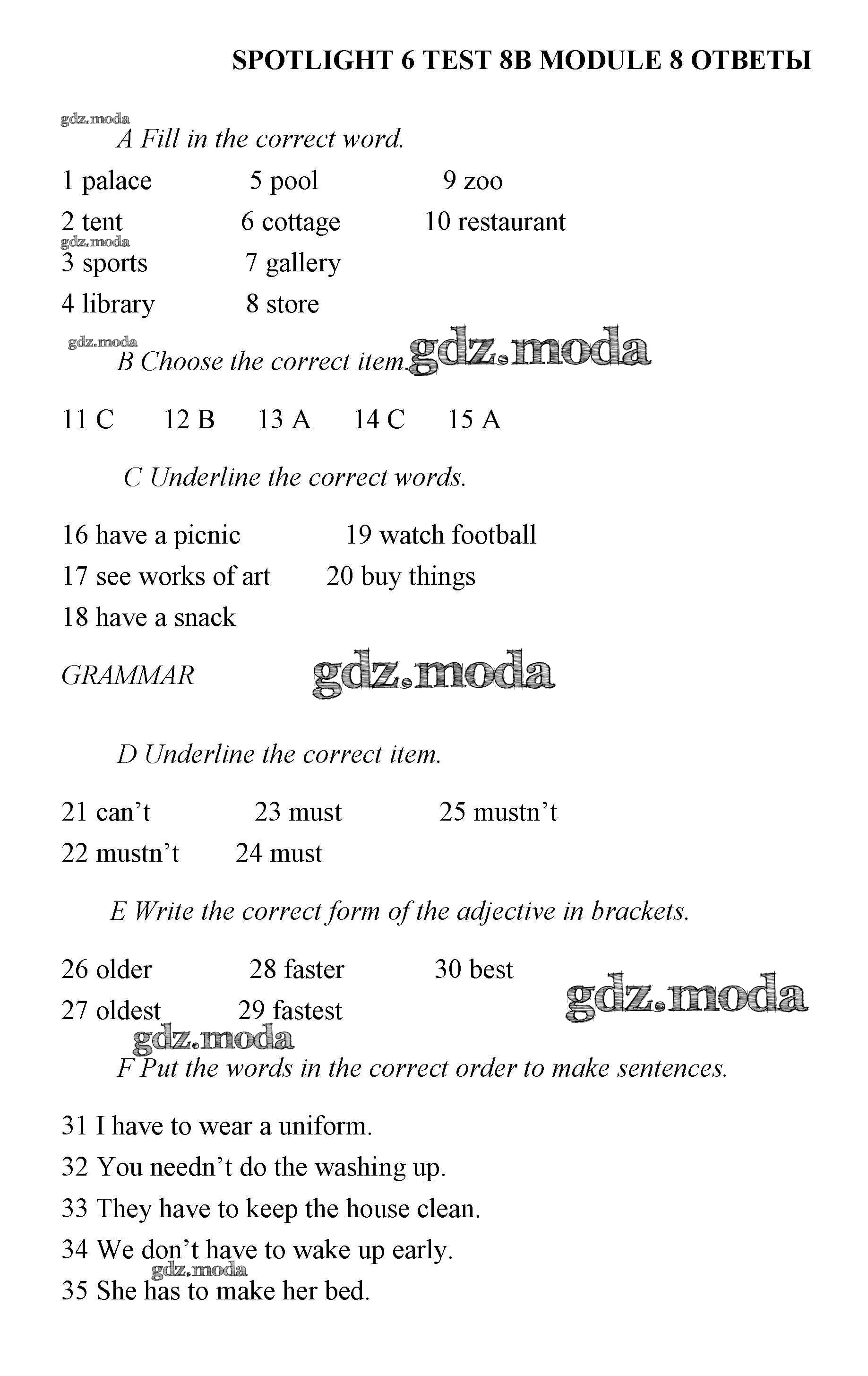 ГДЗ решение к заданию № 8А Английский язык 6 класс контрольные задания Ваулина Spotlight Просвещение 2017 ФГОС бесплатно на гдз.мода!
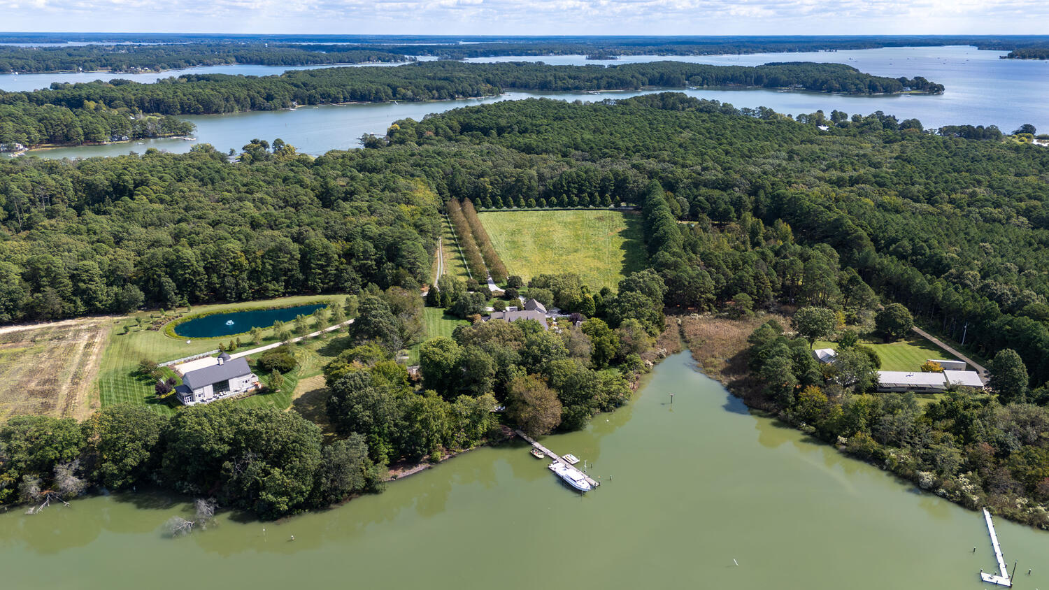 This expansive estate takes full advantage of its prime position along 10+ acres of Caulk Cove’s tranquil shoreline.
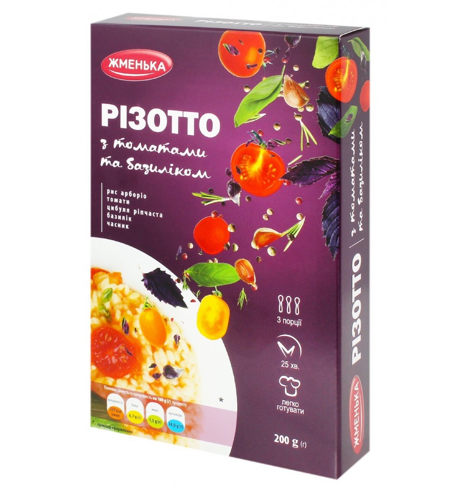 Ризотто с помидорами и базиликом из риса сорта арборио для приготовления итальянского блюда. Состав: рис арборио 91%, томаты сушеные 3%, овощи сушеные 5% (лук репчатый, чеснок), базилик сушеный 1%. Калорийность (энергетическая ценность) в 100г продукта: 337 ккал (1410 кДж). Пищевая (питательная) ценность в 100г продукта: Белки – 6.7г., жиры – 1.5г., углеводы – 74г. Условия хранения: хранить при температуре от 0°C до 20°C – 1 год. Хранить в сухом месте. Производитель: ООО ФАБРИКА БАКАЛЕЙНЫХ ПРОДУКТОВ. Страна производства: Украина. Адрес производственных мощностей: город Сквира, Белоцерковский район, Киевская область, 09000, Украина. Содержимое ГМО: Не содержит указанного вещества. Масса нетто: 200г. 1. Поставить емкость с толстым дном на плиту, налить 3 ст.л растительного масла, всыпать содержимое пакета и нагревать смесь несколько минут, помешивая, чтобы овощи не подгорели; 2. Добавить 60-80 мл белого сухого вина и помешивая дать ему испариться; 3. Взять 600-700 мл воды или бульона, влить в смесь часть (300-350 мл), добавить соль, перец по вкусу, перемешать и довести до кипения; 4. По мере впитывания жидкости постепенно добавлять вторую часть воды или бульона, помешивая. Готовить 20-25 минут на слабом огне; 5. Снять с огня, добавить сливочное масло, дать настояться 5 мин. Перед подачей на стол добавить натертый сыр Пармезан по вкусу.

++++++

* _Activity_
Only lines go in the copy, not pictures. Transcribe exactly from the start of the listing through the line containing "This expansive estate".

* _Exercise response_
 ГДЗ решение к заданию № 8А Английский язык 6 класс контрольные задания Ваулина Spotlight Просвещение 2017 ФГОС бесплатно на гдз.мода!
 This expansive estate takes full advantage of its prime position along 10+ acres of Caulk Cove’s tranquil shoreline.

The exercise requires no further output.